Не подозревая всей истины, Наталья Федоровна искала причину этого печального явления только во внешней грустной обстановке и мирилась с этим как с неизбежным.
Временами Юрию так хотелось уйти — не от четырех желтых стен его камеры, — как ни странно, но они ему даже нравились, — а от своего прошлого, от своих воспоминаний, от всего, что было связано с его внутренним «я». Желание это бывало до того острым, что хотелось удариться головой об одну из этих четырех стен, чтобы уничтожить все старое
Тогда особенно благотворны были посещения косого фельдшера.
Смущенный и встревоженный стоял иногда Юрий, по уходе фельдшера, посреди камеры. Всколыхнулись какие-то, точно заснувшие мысли, и жгучее желание пойти искать — но не потерявшейся правды, а чего-то нового, чему нет еще имени на человеческом языке — охватило сердце Юрия. Ему стало вдруг как-то ясно, что правды искать нечего, что правда и без того живет во всем живом, но что другое должно явиться людям — и это не правда и не любовь, — а что-то огромное, вмещающее в себе и любовь, и правду. Он подыскивал слово, чтобы определить, но не мог. Какая-то жалость, мучительная и необъяснимая в своей причине, шевелилась в груди и рвалась оттуда на волю. И захотелось ему идти из края в край, идти долго и кликнуть клич, чтобы все пришли и объяснили ему или сами прониклись этой жалостью.
Всегда и раньше еще ему часто казалось, что оболочка, внешнее, слова, а иногда и поступки совсем идут врознь с внутренней жизнью души… Бывало так, что он глядел и не видел этого внешнего, точно слетала оболочка — кожа и мускулы, — оставалось перед ним одно только чужое сердце, прозрачное как стекло; он слышал тогда одни слова, а за ними явственно, из глубины чужого прозрачного сердца доносились до его слуха совсем, совсем другие. Он страдал, мучился этим разногласием; он не знал, как разбить, как уничтожить ненужную, возмутительную фальшь. И теперь, в настоящую минуту, здесь, среди стен, где томились длинные, скучные дни жертвы этой роковой фальши, он чувствовал ее еще больше, каждым своим первом.
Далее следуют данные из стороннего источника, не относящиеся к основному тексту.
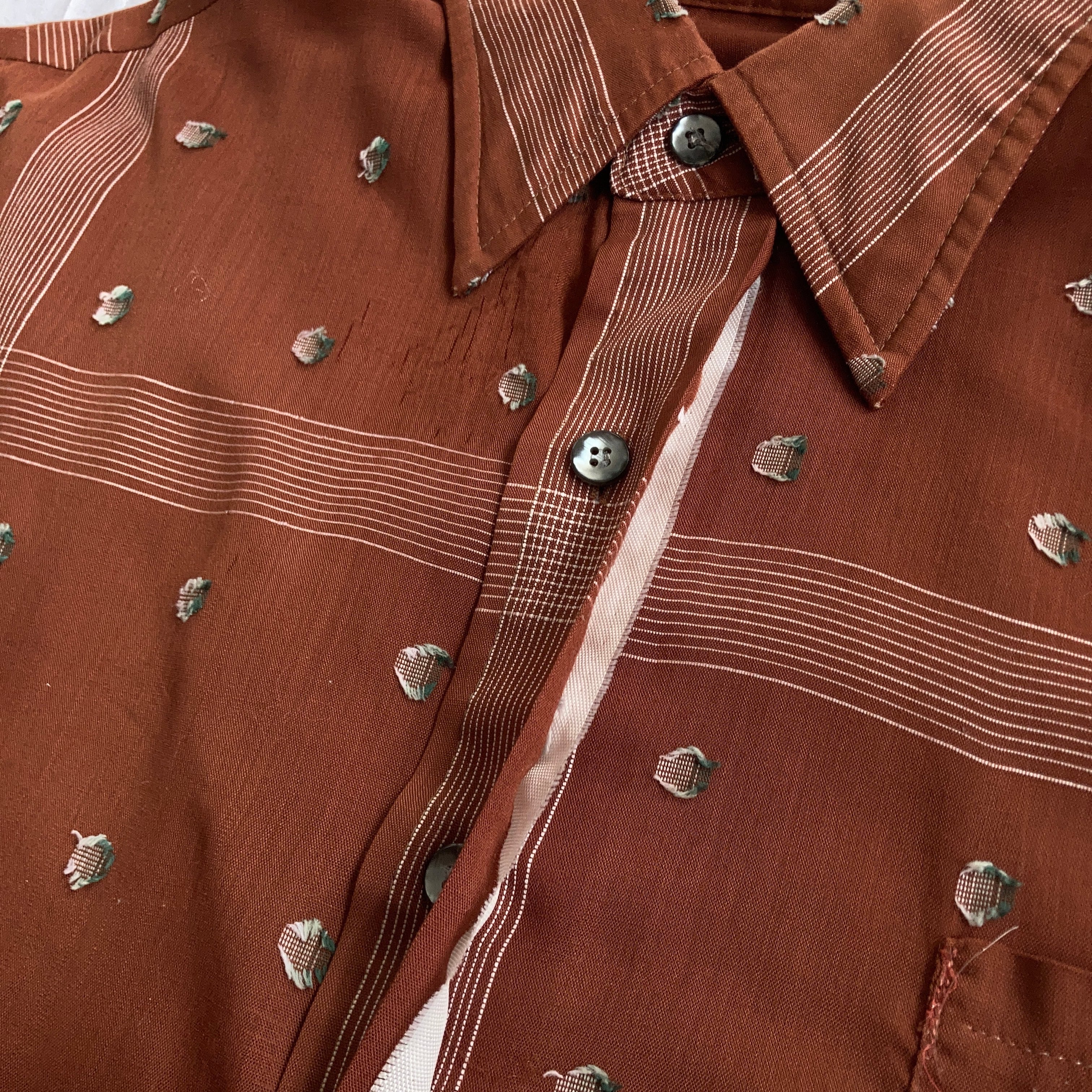 80's Vintage 総柄S/Sシャツ ブラウン【0601A14】【ネコポス発送可能】
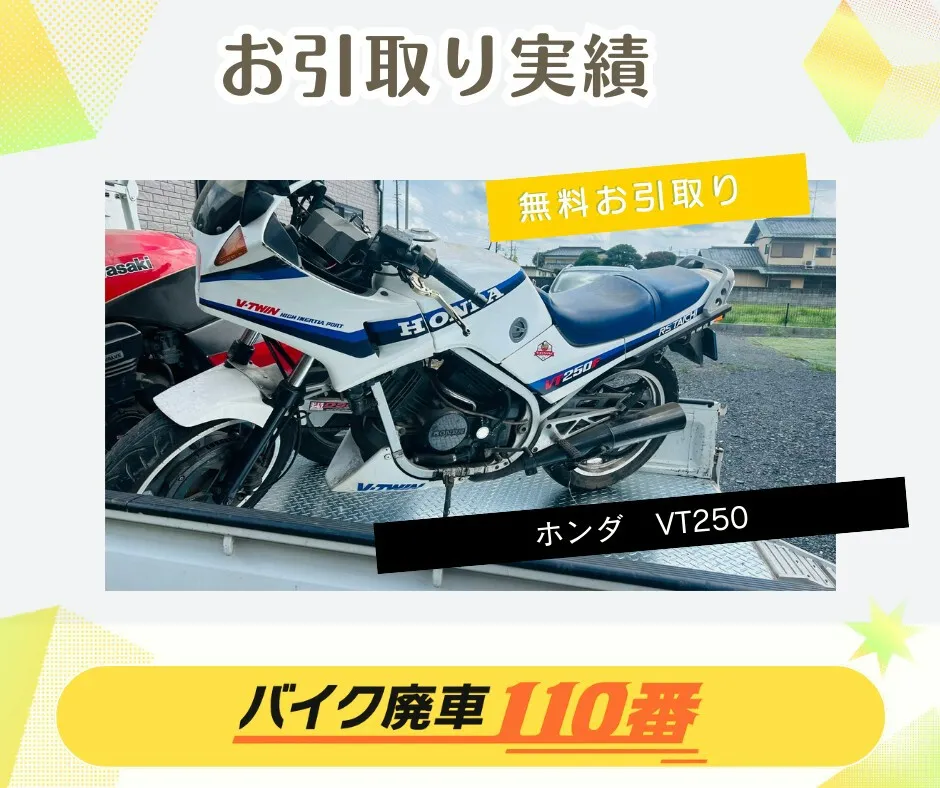 電話をした当日にすぐに駆けつけてくれて、無料でレッカー処分と廃車手続きまで行ってくれました。 実家の整理で出たバイクとは関係のない不用品も一緒に引き取りをしてくれたので、すごく助かりました。
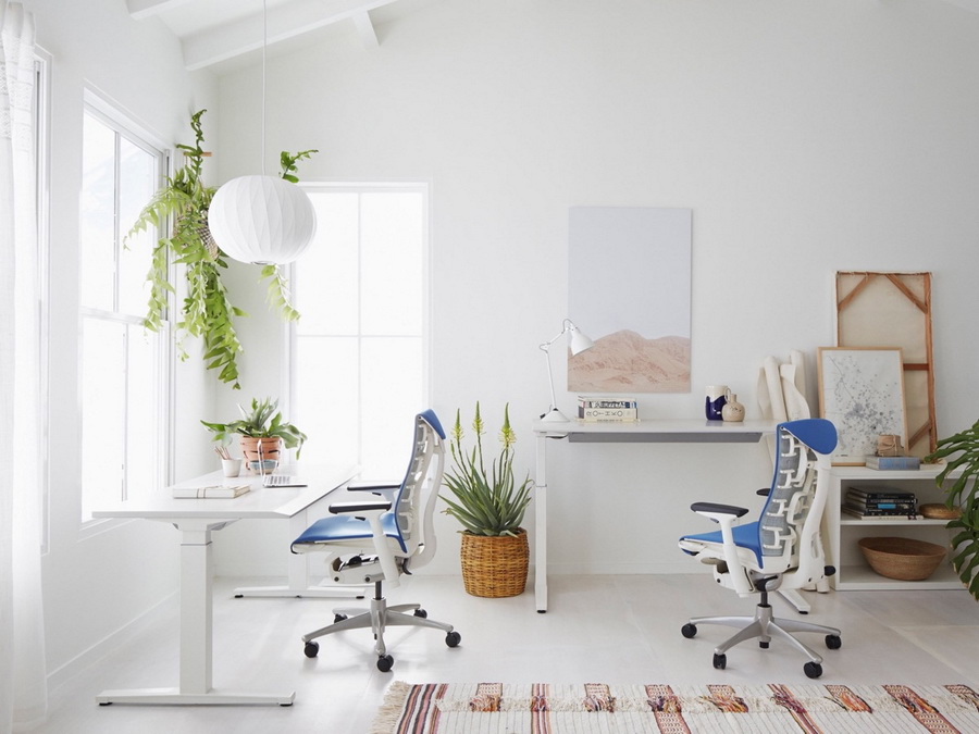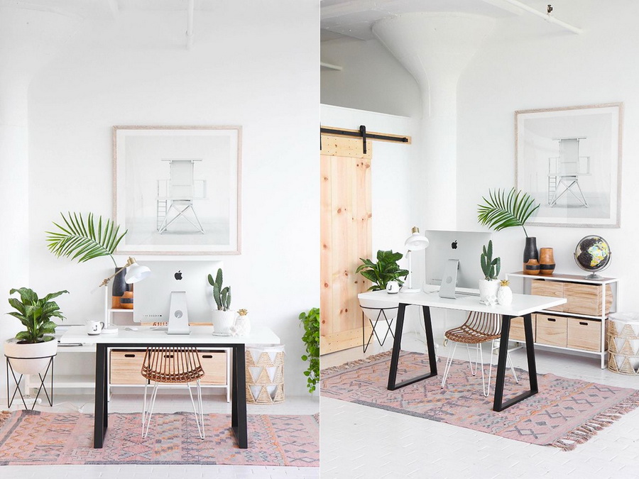 โต๊ะนั่งทำงานเดี่ยวสไตล์สแกนดิเนเวี่ยน แต่งด้วยต้นไม้สีเขียวดูสบายตา
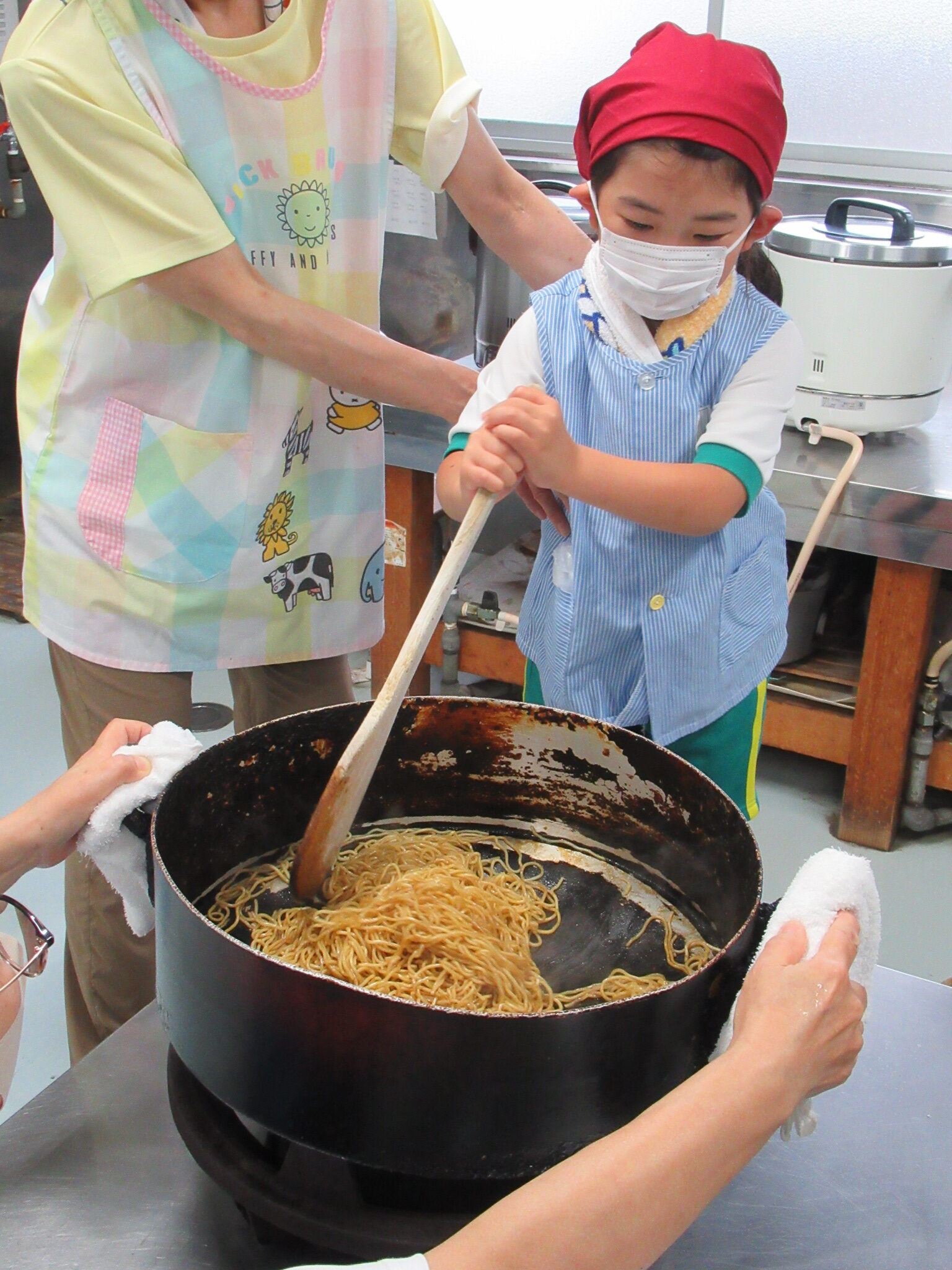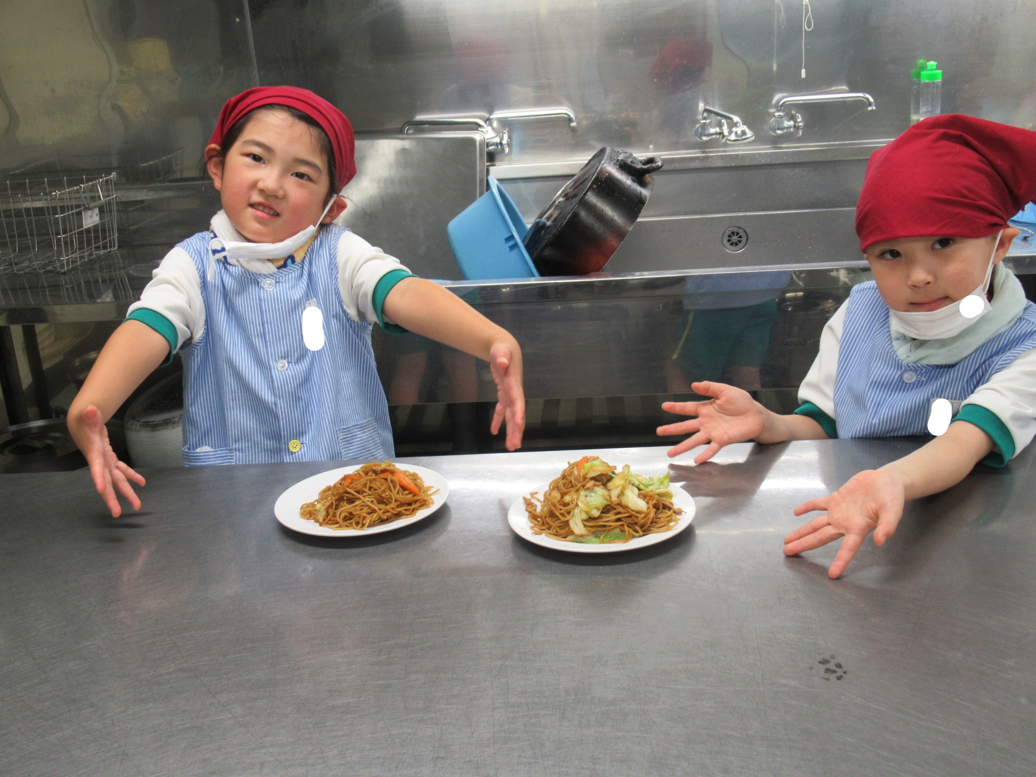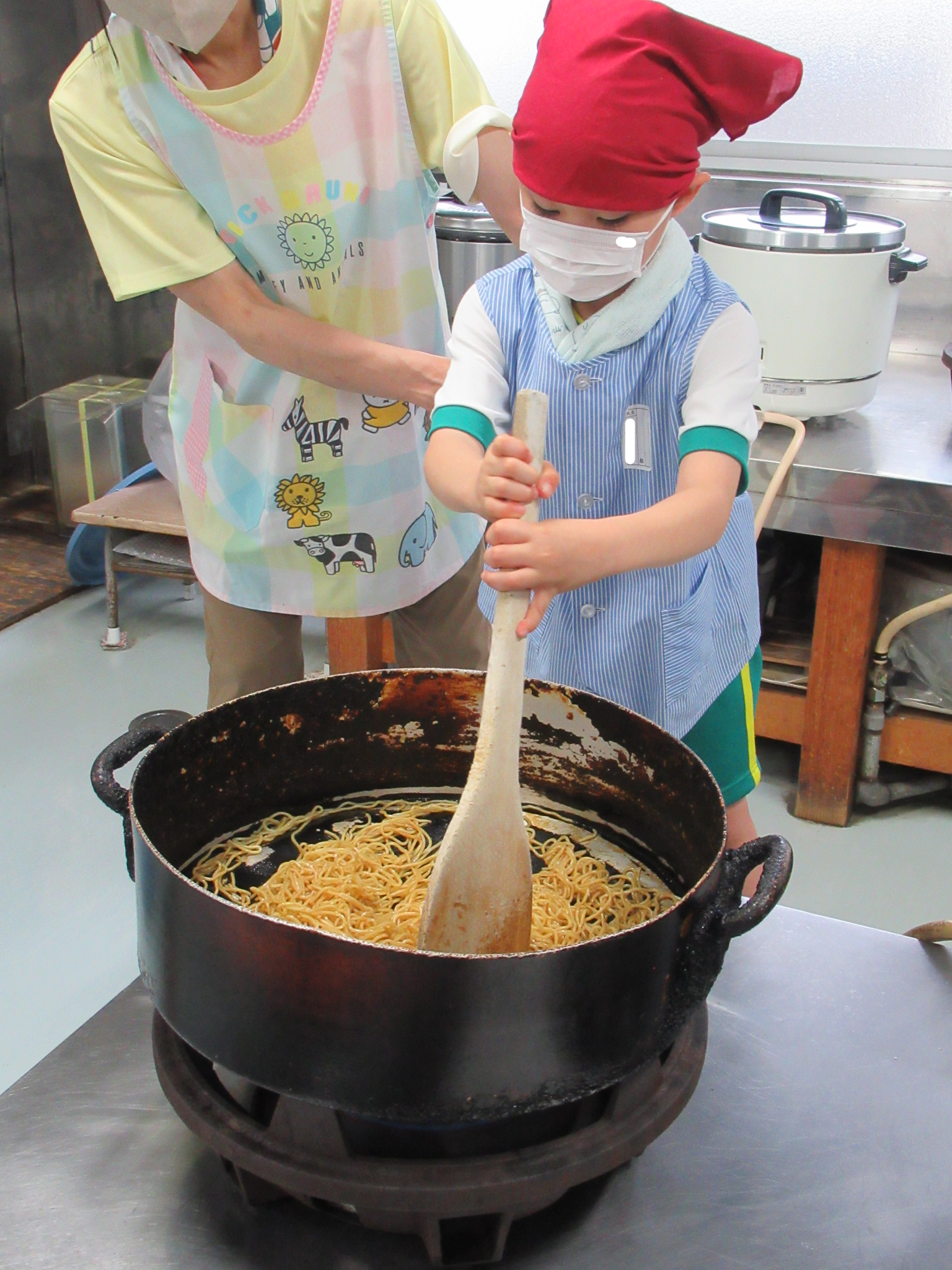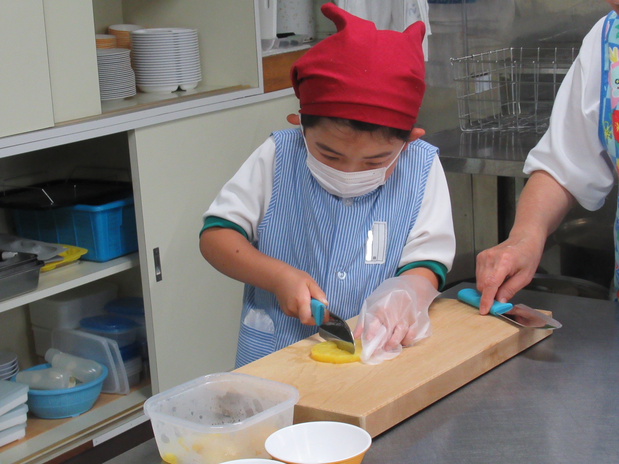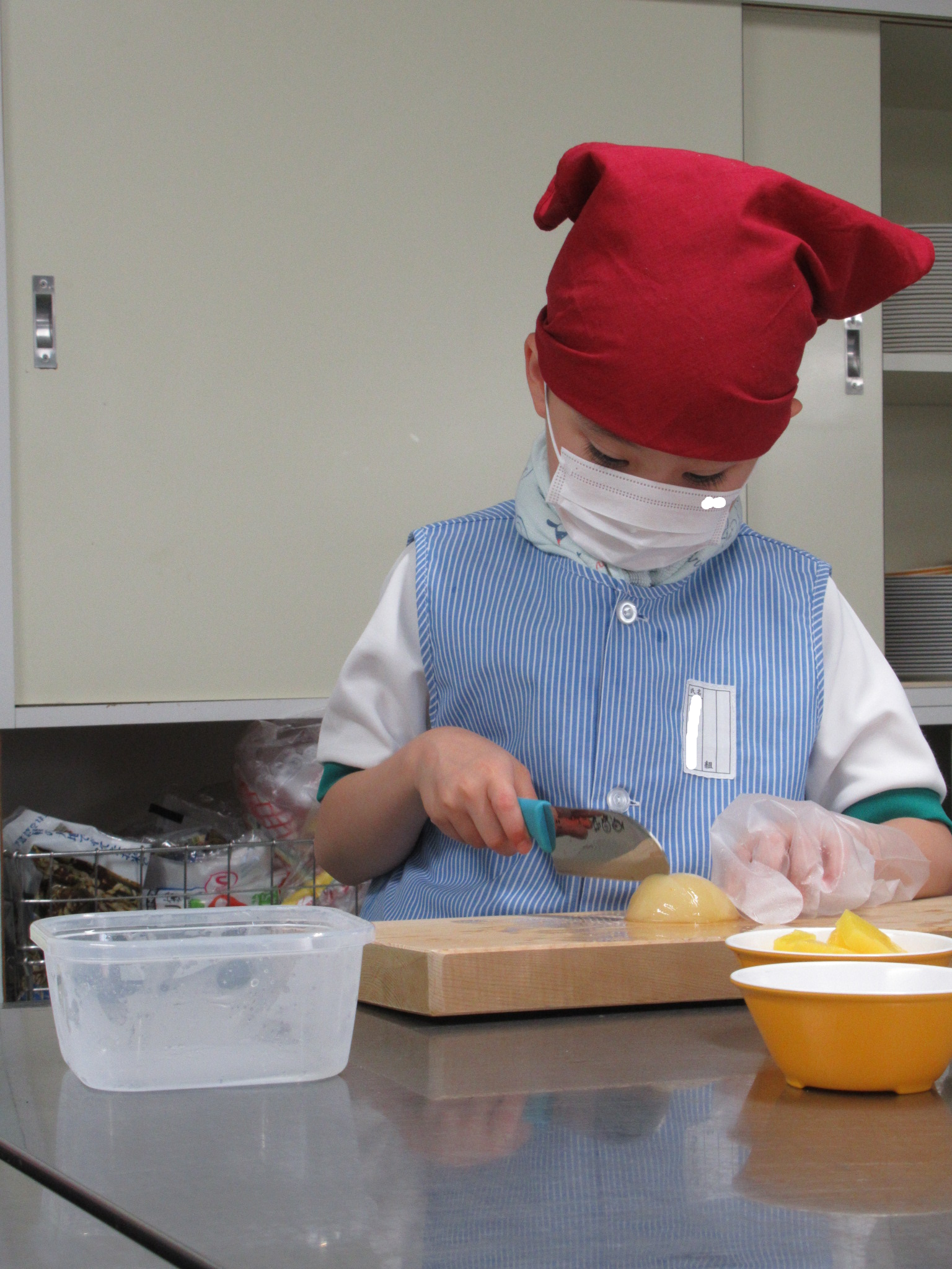 6番目は、園に戻って「給食室で夕食作りと片づけ体験」
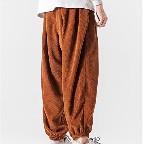 JEShifangjiusu Men Corduroy Pants Drawstring Elastic Waist Harem Pants Baggy Casual Loose Hippie Long Trousers with Pockets
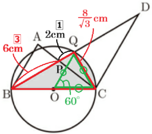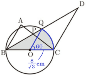 おうぎ形 \( OCQ \) は,半径 \( \dfrac{8}{\sqrt{3}} \; cm \),中心角 \( 60° \)
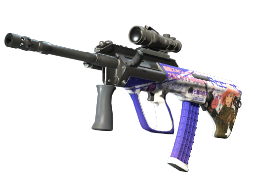 Powerful and accurate, the AUG scoped assault rifle compensates for its long reload times with low spread and a high rate of fire. It has been decorated with a heat transfer vinyl of an anime magazine cover.
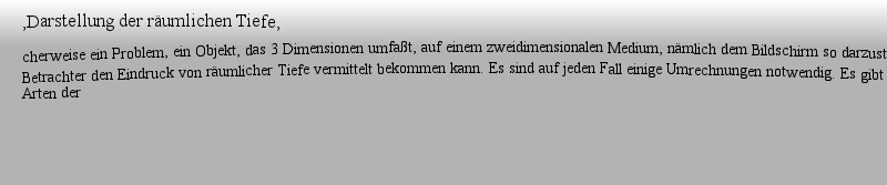 https://doi.org/10.1007/978-3-476-02929-4cherweise ein Problem, ein Objekt, das 3 Dimensionen umfaßt, auf einem zweidimensionalen Medium, nämlich dem Bildschirm so darzustellen, daß der Betrachter den Eindruck von räumlicher Tiefe vermittelt bekommen kann. Es sind auf jeden Fall einige Umrechnungen notwendig. Es gibt verschiedene Arten der
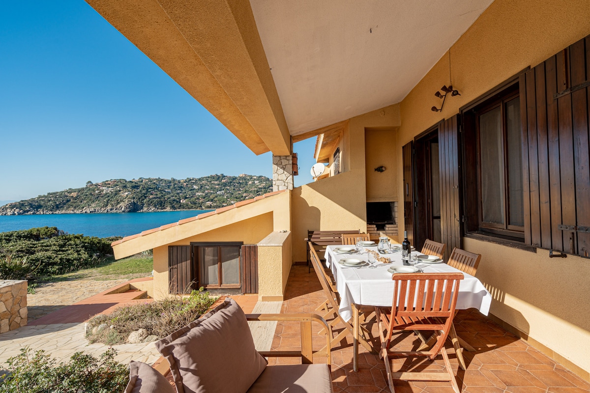 Villetta situata nel condominio di Is Traias, ad 1,5km dal centro citta, con accesso privato alla via e 2 parcheggi riservati. A meno di 5 minuti a piedi dalla spiaggia di Is Traias, raggiungibile attraverso un sentiero. La splendida vista su Punta Molentis e sull'isola di Serpentara la rende un posto unico in cui passare le vacanze. La casa è su due piani, ha un piccolo giardino sul retro con zona lavanderia e doccia e un giardino frontale a picco sul mare. Adatto a famiglie con bambini.
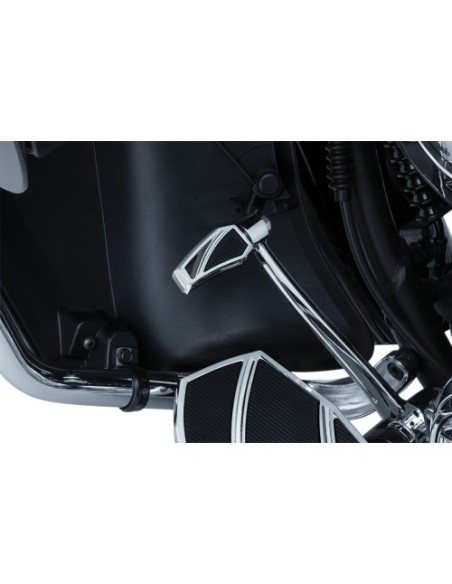 Una actualización masiva de la clavija de cambio original con un diseño angular, líneas nítidas y un sutil efecto de traspaso que complementa la línea completa de accesorios Kuryakyn Phantom. Hecho de aluminio de calidad con almohadilla de goma EPDM de primera calidad para una tracción segura al cambiar de marcha.
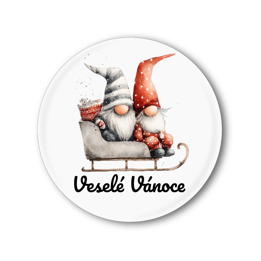 Hledáte způsob, jak dodat Vánocům trochu hravosti, aniž byste museli nosit svítící svetr? Naše vánoční placka (button) s ilustrací je tou správnou volbou. Motiv zachycuje roztomilé vánoční skřítky v zimních kulisách – ať už na sáňkách s vánočním stromečkem, nebo při stavění sněhuláka.
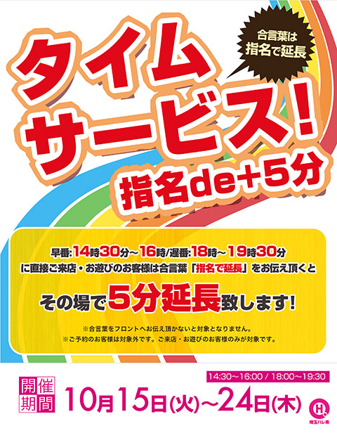 に直接ご来店・お遊びのお客様は合言葉「指名で延長」をお伝え頂くと、その場で「5分延長」致します!

— Душа ребенка… — произнес он громко, движимый охватившим его желанием говорить, — душа ребенка… всегда одна… и у всех… Пусть это вот… обидчик… ненавистник… убийца!..
Он вдруг остановился. Лицо его исказилось испугом, и он зарыдал судорожным, сдавленным рыданием — одними звуками, без слез. Да! Он — убийца, он — артист, с тонкой организацией души, он — способный к проникновению, он — умеющий видеть невидимое, он — простой, обыденный убийца!..
— Убийца!.. убийца!.. — повторял он, злобно стиснув зубы.
С этого дня он особенно жадно стал ожидать суда.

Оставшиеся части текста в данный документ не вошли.